Hundreds of writers, editors and other publishing workers have signed a public letter saying they will not work with “Israeli cultural institutions that are complicit or have remained silent observers of crushing oppression of the Palestinians.”
Authors such as Michelle Alexander, Fatima Bhutto, Judith Butler, Annie Ernaux, Abdulrazak Gurnah, Marilyn Hacker, Naomi Klein, Owen Jones, Valeria Luiselli, Carmen Maria Machado, Hisham Matar, China Miéville, Pankaj Mishra, Viet Thanh Nguyen, Tea Obreht , Max Porter, Casey Plett, Derecka Purnell, Sally Rooney, Jacqueline Rose, Arundhati Roy, Cecilia Vicuña and many others signed the document, in the face of “the deepest moral, political and cultural crisis of the 21st century”.
Faced with this crisis, the authors believe they have a role to play: “We cannot, in good conscience, engage with Israeli institutions without questioning their relationship to apartheid and displacement,” they assert in the letter, recalling that “this was the position”. adopted by countless authors against South Africa; This was his contribution to the struggle against apartheid there.
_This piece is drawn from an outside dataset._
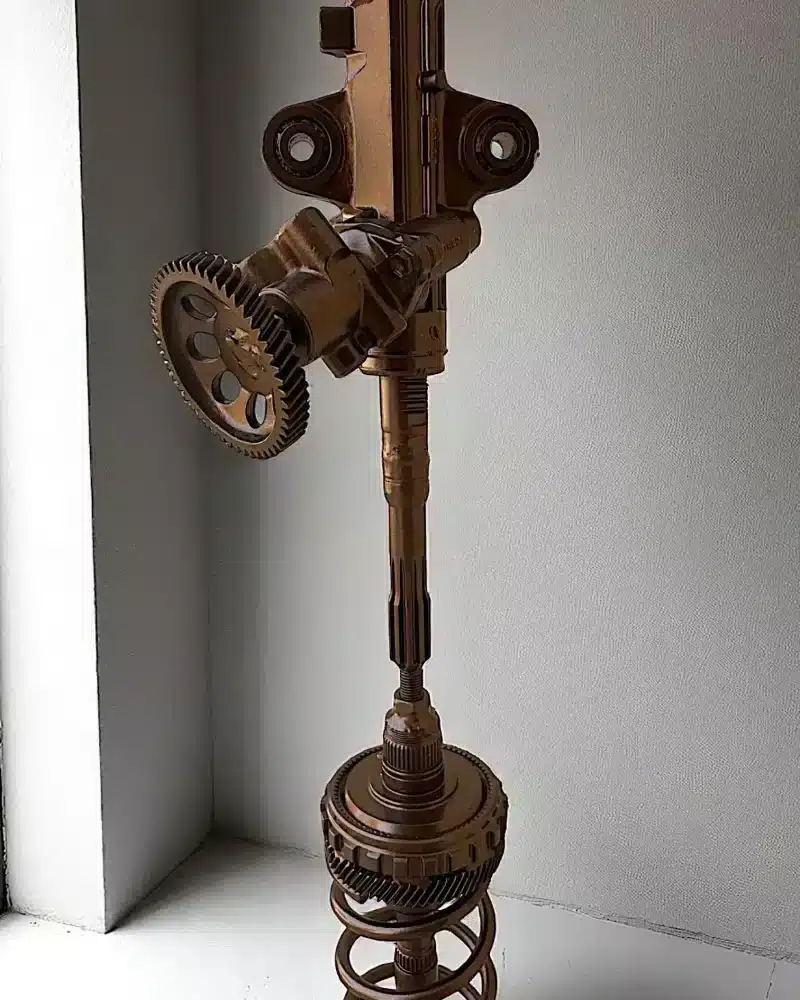 Crafted from salvaged crankshafts, gears, and cams — each lamp repurposes the raw beauty of industrial engineering.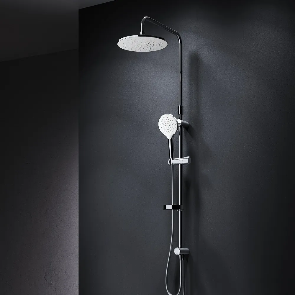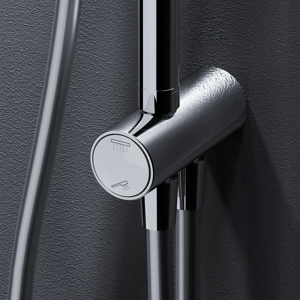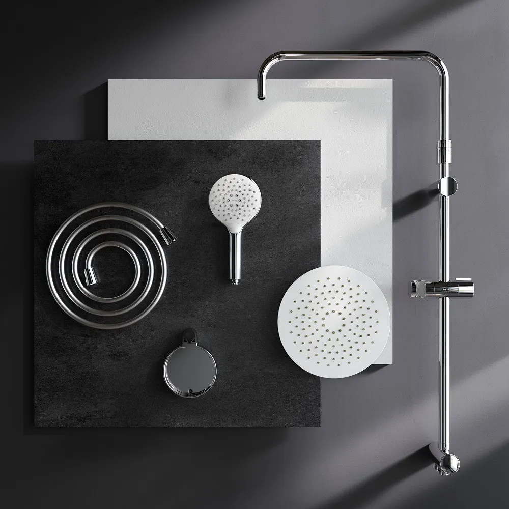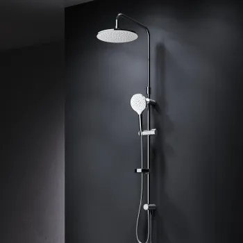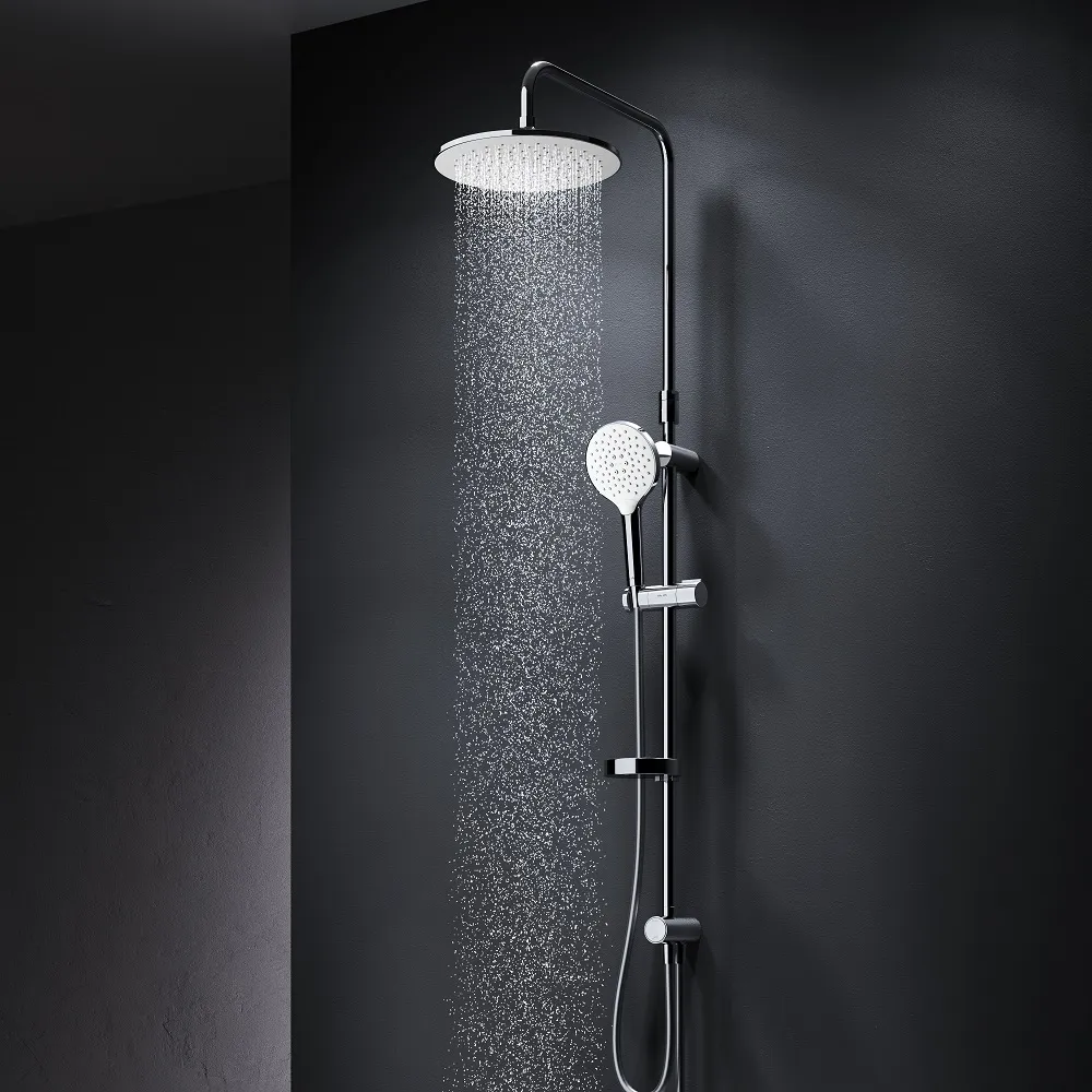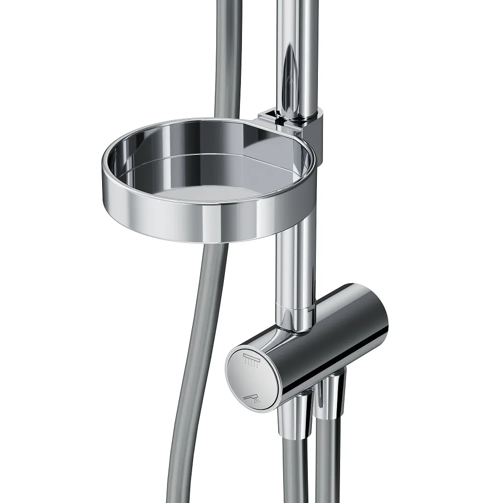 Тотальный дизайн в действии: все детали душевой системы – от пропорций ручного и верхнего душей до рисунка расположения форсунок на лейках – подчинены единой дизайн-концепции в ультра-модном стиле Dynamic Organic.

In the text they establish the following:
We will not work with Israeli cultural institutions that are complicit or have remained silent observers of the crushing oppression of Palestinians. We will not cooperate with Israeli institutions, including publishers, festivals, literary agencies and publications that:
- Are complicit in the violation of Palestinian rights, including through discriminatory policies and practices or by covering up and justifying Israel’s occupation, apartheid or genocide.
- They have never publicly recognized the inalienable rights of the Palestinian people enshrined in international law.
Working with these institutions does a disservice to Palestinians, which is why we ask our fellow writers, translators, illustrators and book workers to join us in this commitment. We ask our editors, writers and agents to join us in taking a stand, recognizing our own involvement, our own moral responsibility and stopping collaborating with the Israeli state and complicit Israeli institutions.
The signatories justify the position taken by the war in Gaza, in which “it is not possible to know exactly how many Palestinians Israel has killed since October 2023, because Israel has destroyed all infrastructure, including the ability to count and ‘bury the dead’. According to local authorities, more than 43,000 Palestinians have died in just over a year, including more than 17,000 children.
Here is how they argue:
This is a genocide, as eminent experts and institutions have been declaring for months. Israeli officials speak candidly about their motivations for eliminating the population of Gaza, making the creation of a Palestinian state impossible, and seizing Palestinian land. All this after 75 years of displacement, ethnic cleansing and apartheid.
Culture has played a vital role in normalizing these injustices. Israeli cultural institutions, often working directly with the state, have played a crucial role in covering up, disguising and erasing the dispossession and oppression of millions of Palestinians for decades.